Mamta Manik Maurya¹, Ashish Kumar Maurya^2*, Manish Kumar Sachan³

¹Assistant Professor, Department of Ophthalmology, Government Medical College, Ratlam, Madhya Pradesh, India

²Professor and Head, Department of ENT, Government Medical College, Ratlam, Madhya Pradesh, India

³Assistant Professor, Department of ENT, Government Medical College, Ratlam, Madhya Pradesh, India

 

^*Address for Correspondence: Dr. Ashish Kumar Maurya, Professor and Head, Department of ENT, Government Medical College, Ratlam, Madhya Pradesh, India

E-mail: drjspanda2001@gmail.com

ABSTRACT- Background- Ocular surface disorders (OSDs), caused by damage or component deficiency, disrupt ocular surface integrity, affecting visual function and individual comfort. Increased population, computer use, and side effects contribute to this condition. This study examines cases attending the outer patient department (OPD) and those admitted to the Regional Institute of Ophthalmology (RIO).

Methods- The study examined 150 eyes of 109 patients admitted to the RIO, Gandhi Medical College Bhopal. Symptoms included foreign body sensation, burning, dryness, vision blurring, photophobia, discharge, ocular fatigue, itching, pain, and redness.

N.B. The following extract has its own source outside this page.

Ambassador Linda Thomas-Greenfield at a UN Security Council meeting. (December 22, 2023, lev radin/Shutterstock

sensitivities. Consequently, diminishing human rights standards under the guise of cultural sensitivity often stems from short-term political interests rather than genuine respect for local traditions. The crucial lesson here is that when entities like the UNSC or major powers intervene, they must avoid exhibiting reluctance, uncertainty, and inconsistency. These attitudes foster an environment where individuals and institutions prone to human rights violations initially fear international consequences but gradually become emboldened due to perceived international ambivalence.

The tear meniscus was evaluated, with a tear meniscus height <0.5 mm between the eyelid margin and inferior bulbar conjunctiva as an indication of aqueous tear deficiency.

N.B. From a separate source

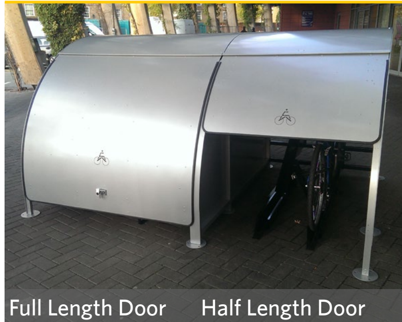
Full Length Door

Results- The study reveals that Dry Eye was prevalent in males and females, with an incidence of 26.21% in the 41–50-year age group. The incidence increased with age, with males having a higher incidence of 59.22% than females. Blepharitis was more common in females, with a higher incidence of 68.50%. Most eyes in the dry eye group had scanty tear meniscus, followed by intact (25.24%), markedly diminished (22.33%), and absent (11.65%). Pterygium patients have entire tear meniscus, while chemical burn cases have a low Break-Up Time (BUT). In dry eye, the Tear Film Break-Up Time (TF BUT) is significant, with a low BUT of 6.1-10 seconds.

Conclusion- The study found that dry eye is prevalent in males and females, with a 26.21% incidence in the 41–50-year age group. Blepharitis is more common in females. The tear meniscus in dry eyes varies.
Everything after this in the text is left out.